Oberpfalznetz 22nd July 2009 | Text & Photos: Stefan Voit

Hubert von Goisern and band thrill 1800 fans at Luisenburg

Hubert von Goisern

Wunsiedel. "I don't know how you got your tickets. But you can happily treasure having got your hands on these coveted items," Intendant Michael Lerchenberg said happily. 1800 Fans came to the Luisenburg on Monday to hear Hubert von Goisern live. 18,000 people had requested tickets. Those who managed to get them experienced an almost three hour concert of great class.

Travelled the whole world

Hubert von Goisern has never taken the simple route, has never stood still, instead continually developing. You can hear it in his lyrics and especially in his music. He has long since detached himself from the (rocky) folk music that once made him famous, has travelled the whole world, collected impressions and vibes, met people and played music with them. Music is the only language that is spoken and understood across the world.

Hubert von Goisern is a collector of sounds, who listens a great deal, drinking in and then musically processes. Thus his concert in front of the massive granite rock face, before which he looked visibly at ease, was a result of his most recent great journey, which with the Linz Europe Tour in 2007 took him on a ship for two years, first on the Danube and then through many European countries.

It was his vision to bring people from different cultural circles and generations together with music.
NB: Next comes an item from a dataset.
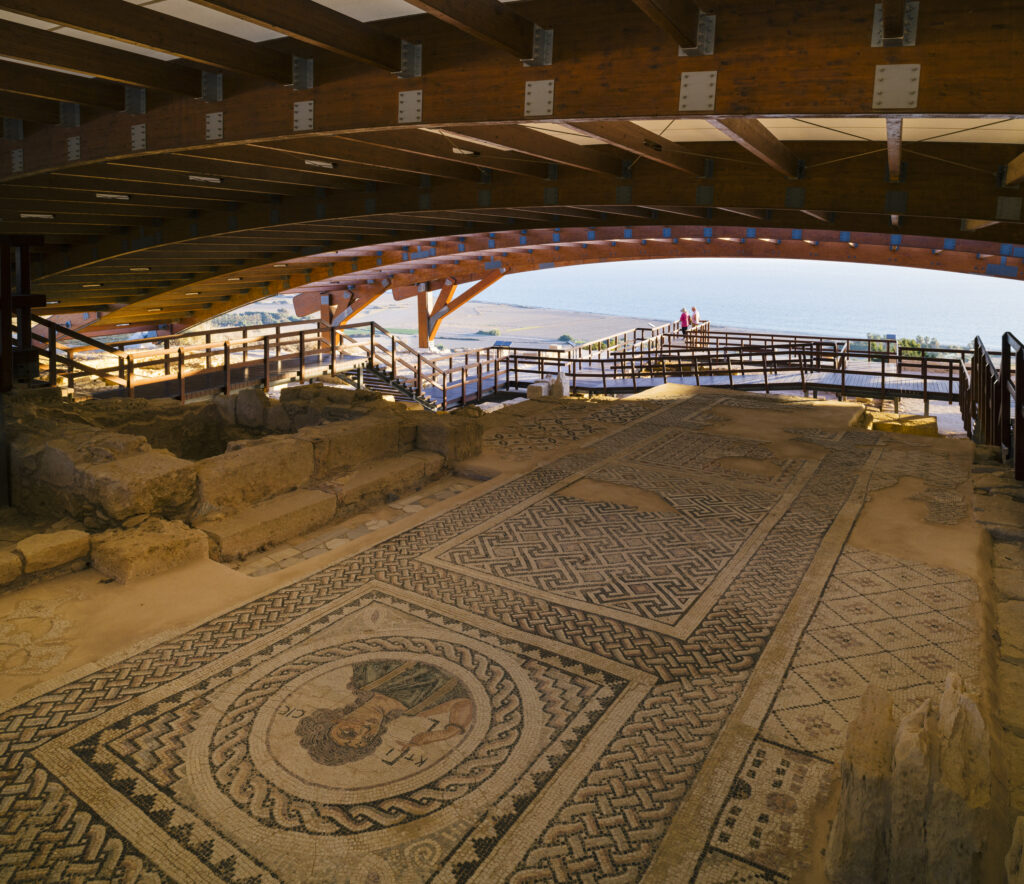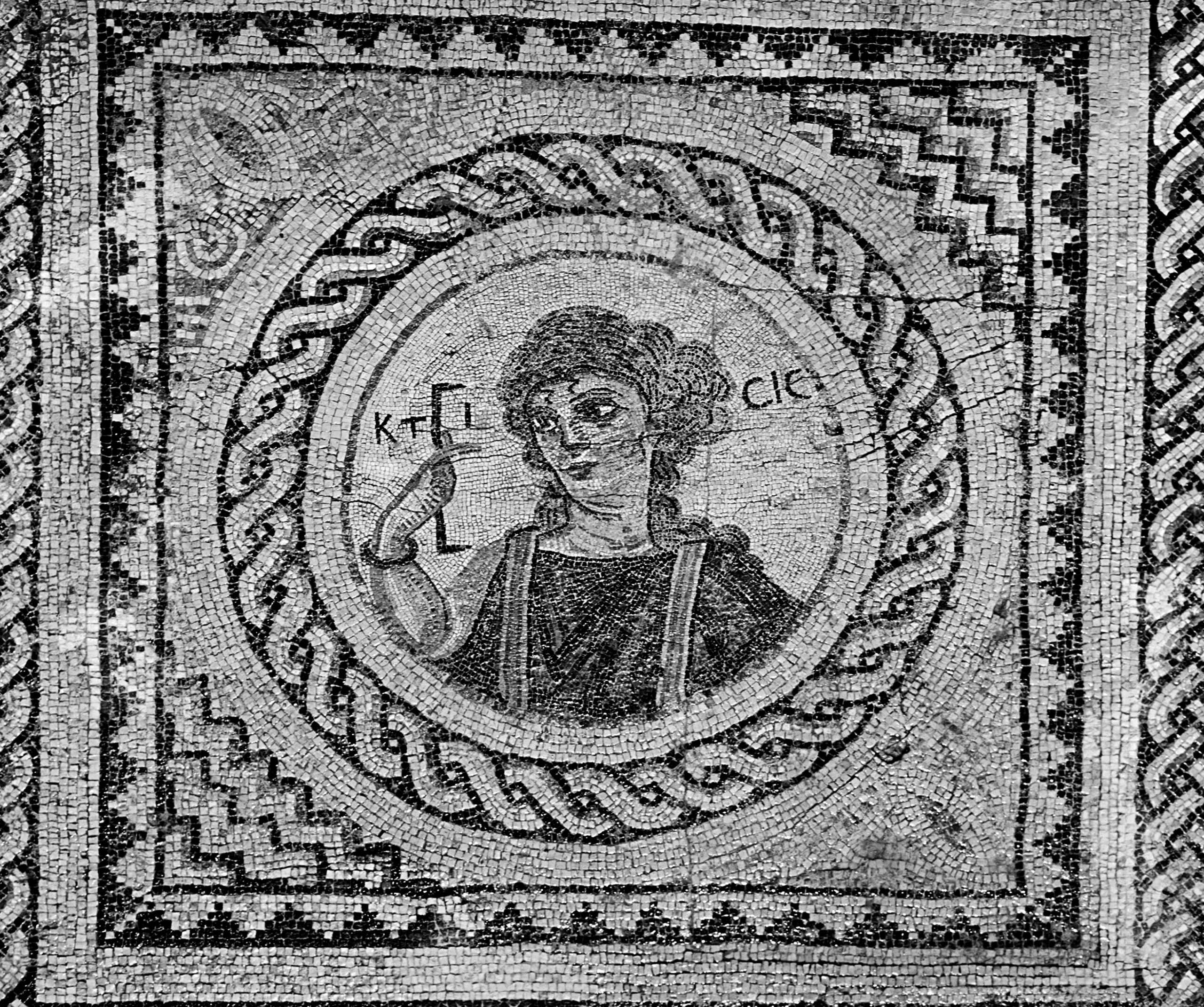 Ο μεγάλος ορθογώνιος κεντρικός χώρος των λουτρών, που αντιστοιχεί με το ψυχρό δωμάτιο (frigidarium), κοσμείται με περίτεχνο ψηφιδωτό δάπεδο. Το δάπεδο είναι χωρισμένο σε τέσσερις πίνακες, δύο από τους οποίους διακοσμούνται με καθαρά γεωμετρικά μοτίβα. Ένας πίνακας παρουσιάζει στο κέντρο μία πέρδικα, ενώ ο τέταρτος, στα βόρεια, αναπαριστά το μπούστο νεαρής γυναίκας σε μετάλλιο με πλοχμό, εγγεγραμμένο σε τετράγωνο πλαίσιο. Η γυναικεία μορφή, η οποία κρατάει ένα όργανο/ράβδο μέτρησης που αντιστοιχεί στον ρωμαϊκό πόδα, ονομάζεται σύμφωνα με την επιγραφή ΚΤΙΣΙΣ, είναι δηλαδή η προσωποποίηση της Κτίσεως/Δημιουργίας του Κόσμου ή της θεμελίωσης. Η προσωποποίηση της Κτίσης ήταν αρκετά δημοφιλές μοτίβο κατά την Ύστερη Αρχαιότητα και τα πρώιμα Βυζαντινά χρόνια.

Showtime was then the start of an almost three hour long musical journey, which couldn't have been any more exciting. He's become rockier, rich in sound, hot in guitars, grooving in the trumpet, as sensitive as ever in singing. It is also a credit to his excellent band, perhaps the strongest he has had yet: Severin Trogbacher (guitar), Helmut Schartlmüller (bass), Alexander Pohn (drums) and David Lackner (keyboard) display an immense joy in their playing, getting every last drop from their instruments and giving von Goisern an indescribable feeling of joy and security. Completed by the wonderful singers Marlene Schuen, Elisabeth Schuen and Maria Moling, who also strengthen the band with violins and percussion.

Little stories

Old and new songs like Regen, Herschaun, Die Liab, Neuer Tag, Die Straß'n, Schönberger, Leben and Mercedes Benz are played, almost celebrated. The audience goes with them, feels with them, sings with them. In between there are little stories about encounters with people, thoughts on the world. Von Goisern comes very close to the audience, an intimacy and honesty is established that leaves a lot of room.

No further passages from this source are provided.